Our immunohistochemical findings revealed that club cells are predominant in the terminal and respiratory bronchioles, in line with the terminal and respiratory bronchioles of mice (Ryerse et al., 2001; Treuting & Dintzis, 2012).
We did not detect bronchus-associated lymphoid tissue (BALT) in the ICP. However, Blagojevic et al. (2018) reported this tissue type in the ground squirrel interstitial stroma of bronchioles.
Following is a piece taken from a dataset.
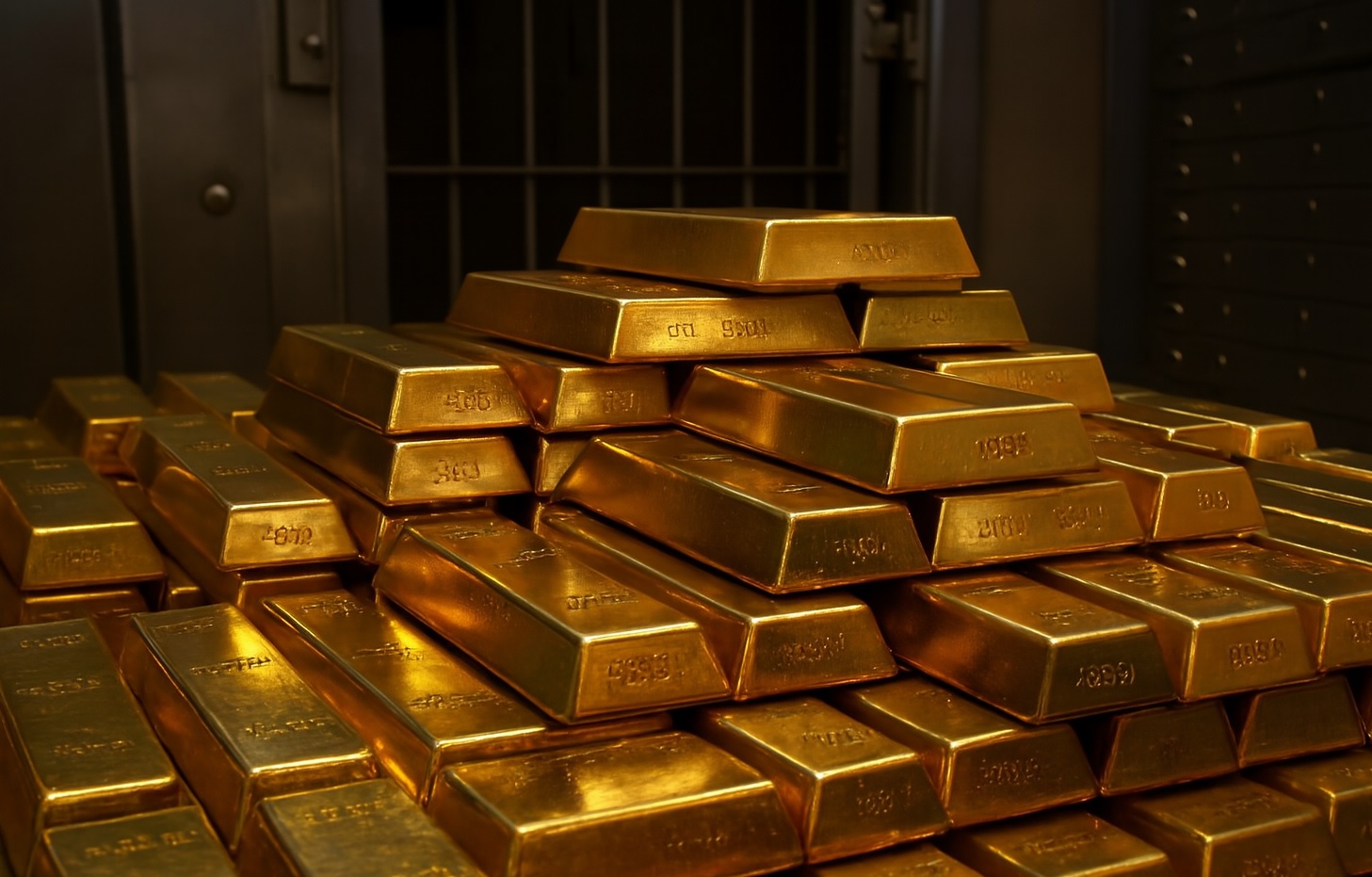 Rekor harga emas lima hari beruntun akhirnya terhenti setelah hari ini anjlok imbas komentar tajam the fed agar bank sentral berhati-hati turunkan suku bunga.--ai generate/ist
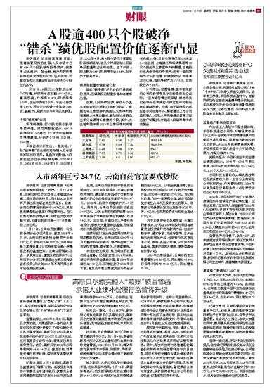 入市两年巨亏24.7亿 云南白药官宣要戒炒股

The alveolar epithelium of the ICP had two types of cells, including many squamous cells (type I pneumocytes) and few cubic cells (type II pneumocytes). Type II pneumocytes are columnar in the ground squirrel (Blagojevic et al., 2018). In the ICP, we detected macrophage cells in the interstitial stroma between the alveoli and alveoli cavity, unlike in Siphonops annulatus (kuehne & Junqueira, 2000). Pulmonary macrophage populations divide into alveolar macrophages, strategically positioned in the airways, and interstitial macrophages, located within the lung parenchymal tissue (Byrne et al., 2015). In the mouse and rat, macrophage cells have been observed in the alveoli (Treuting et al., 2018). In fossorial rodents, the mole rat Tachyoryctes splendens, alveolar macrophages have been frequently observed on the alveolar surface; but these macrophages have been rarely observed on the alveolar surface in the lung of naked mole rat Heterocephalus glaber (Maina et al., 1992). These cells are the first line of defence against pathogens, and their presence in the wall of the alveoli impairs the detection of cuboidal alveolar epithelial cells (Treuting et al., 2018). It has been suggested that presence of these macrophages may be more related to the defence mechanisms of the pulmonary tissue in the burrow environment which contains a high concentration of dust and possibly disease causing agents (Maina et al., 1992).
5 CONCLUSIONS
Our results showed that the lower respiratory portion of the ICP (H. indica) is essentially similar to those of other rodents, with the exception of several histomorphological properties, like the different shape of epiglottis between sexes, unique anatomy of the trachea with its widening at the level of origin of main bronchi, absence of taste buds on laryngeal surface of the epiglottis epithelium, and long and abundant respiratory bronchioles. Accordingly, further anatomical and histological comparisons of the respiratory system in the ICP involving animals representing a larger number of gender and age groups may be useful, in addition to analyses of other parts of the body, such as the digestive system. Our histomorphological analyses emphasise the importance of additional embryological, physiological and behavioural studies of the ICP, given the multifunctional and complex characteristics of the respiratory system.
ACKNOWLEDGMENTS
The authors would like to thank the Department of Environment, Mazandaran province, Iran for collecting the specimens. This research was supported by a research grant from the Amol University of Special Modern Technologies, Amol, Iran.
CONFLICT OF INTEREST
None.
ETHICAL APPROVAL
This was a study carried out on animals that were considered cadavers, and therefore, no ethical approval was needed.
Open Research
DATA AVAILABILITY STATEMENT
The data that support the findings of this study are available from the corresponding author, upon reasonable request.